Now doctors can cause all kinds of things. Cures. Wellness. Hope. But what about death? Is that something we're used to thinking is caused by our doctors? Well, if you've been reading the Daily Dose -- or my Real Health newsletter -- for any length of time at all, you'll probably answer a resounding YES to that last question. But if you're new, I want to bring you up to speed on a truly frightening statistic -- one that'll shake you to your soon-to-be-ex-mainstream core:
Doctors' sloppy kills more than 7,000 people annually. It's a shocking statistic, and, according to a July 2006 report from the National Academies of Science's Institute of Medicine (IOM), preventable medication mistakes also injure more than 1.5 million Americans annually. Many such errors result from unclear abbreviations and dosage indications and illegible writing on some of the 3.2 billion prescriptions written in the U.S. every year.

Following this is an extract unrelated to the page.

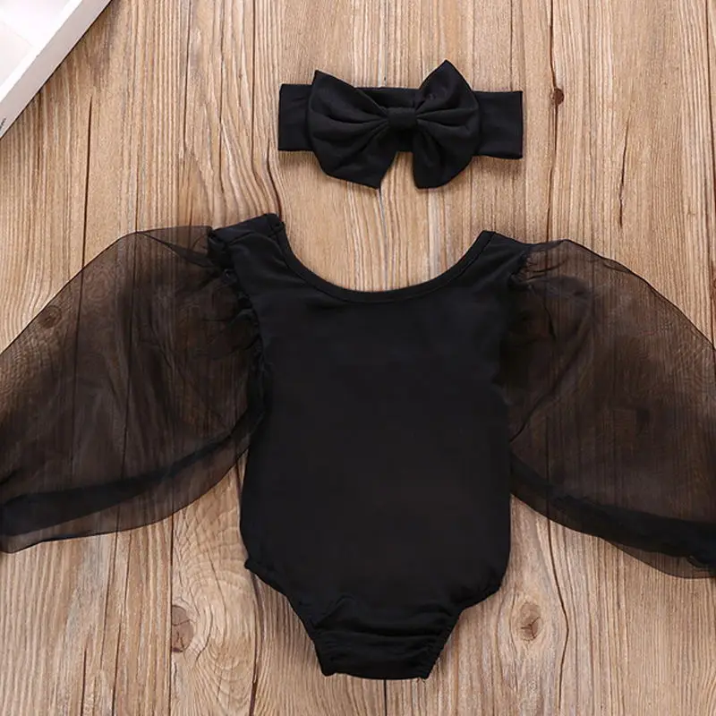 Одежда для новорожденных девочек кружевное прозрачное боди с открытыми плечами и длинными рукавами-фонариками, повязка на голову с бантом, хлопковый комплект из 2 предметов для малышей

The U.S. health care system may contribute to poor health or death. According to Dr. Barbara Starfield of the Johns Hopkins School of Hygiene and Public Health, 250,000 deaths per year are caused by medical errors, making this the third-largest cause of death in the U.S., following heart disease and cancer.
ALL THESE ARE DEATHS PER YEAR in THE USA:
12,000 --- unnecessary surgery
7,000 --- medication errors in hospitals
20,000 --- other errors in hospitals
80,000 --- infections in hospitals
106,000 --- non-error, negative effects of drugs
References
- Schuster M, McGlynn E, Brook R. How good is the quality of health care in the United States? Milbank Q. 1998; 76:517-563.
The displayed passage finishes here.